The Méxican state of Oaxaca (pronounced wah-HA-kah) doesn’t just sound exotic to my ears, the name inspires thoughts of the mysterious and unusual. Located in Mexico’s deep south, the state’s name taken from a Nahautl word ‘huaxycac’ literally means nose of the juajes and refers to this tree’s bloom fruit. It’s said that this bloom must be respected and ingested over time, and with care, as its depth and spice are not for the timid.

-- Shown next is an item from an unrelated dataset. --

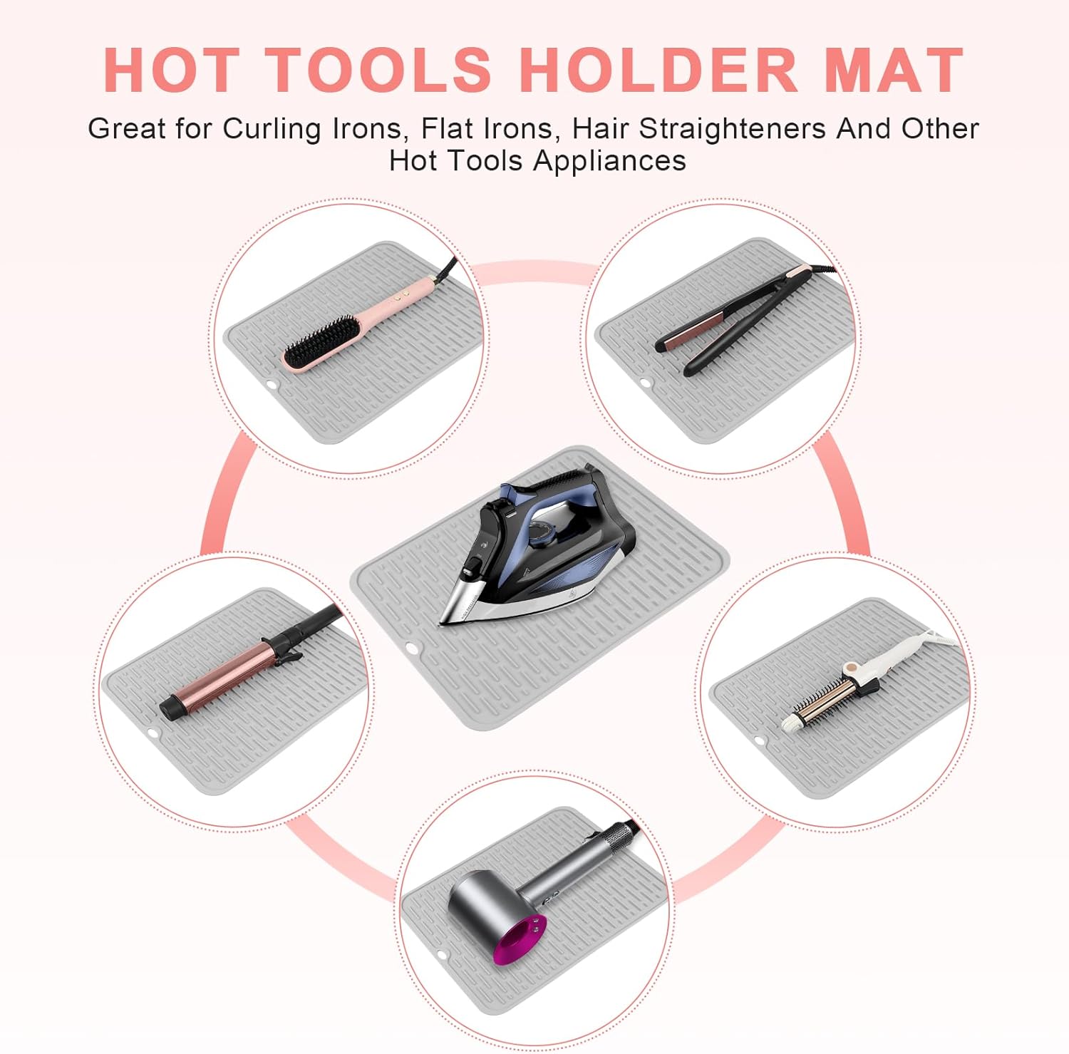 - Product Benefits : Heat Resistant Silicone, Extra Large Size, Durable and Non-Slip, Comes with Velcro, Convenient for Travel and Storage, Uses for Multiple Hot Hair Tools Heat Resistant Silicone, Extra Large Size, Durable and Non-Slip, Comes with Velcro, Convenient for Travel and Storage, Uses for Multiple Hot Hair Tools

Perhaps more than any other Méxican state, Oaxaca lives and breathes its ethnic diversity and historic traditions. It may sound counterintuitive, but a great way for visitors to experience Oaxaca’s history is to go shopping. I’m serious. Go shopping. I suggest taking a day or two to visit the artisans in the smaller towns in the Valley of Oaxaca. There are numerous places within forty minutes of Oaxaca City each with a distinct product and flavor.

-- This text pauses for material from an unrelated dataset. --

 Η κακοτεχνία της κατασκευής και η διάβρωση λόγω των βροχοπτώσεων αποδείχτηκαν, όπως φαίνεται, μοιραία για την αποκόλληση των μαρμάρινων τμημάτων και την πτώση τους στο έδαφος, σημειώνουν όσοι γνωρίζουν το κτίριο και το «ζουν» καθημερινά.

Teotitlán del Valle is known for the gorgeous hand woven rugs made in almost every home there. I visited Bulmaro Perez Mendoza, the accomplished master weaver and designer at Father and Sons workshop where the family has been making rugs for nine generations. There I witnessed the rug making process from beginning to end. Maria Pilar, Bulmaro’s ninety-two year old grandmother, who stands four and a half feet at a stretch and speaks only Zapotec, demonstrated how to card wool for spinning. Father and Sons is one the few workshops that continues to make rugs dyed with only natural pigments and Bulmaro demonstrated how pomegranate skins produce a light green color. He then crushed a cochineal beetle, the parasitic bug that feeds on Nopal Cactus, in my hand and mixed it with a bit of lime fruit acid to create red. My hand was stained for the rest of the day, but it was a great reminder of how Oaxaca’s economy once thrived upon the crushed guts of a beetle. The bug guts create the world’s strongest natural red dyes and were first exported around the world during the Spanish Colonial period. Today there are cochineal farms where the beetles are cultivated. Bulmaro weaves these reds into both his original and more traditionally inspired designs, many of which take their cue from the Zapotec symbols found at Mitla, a nearby archeological site.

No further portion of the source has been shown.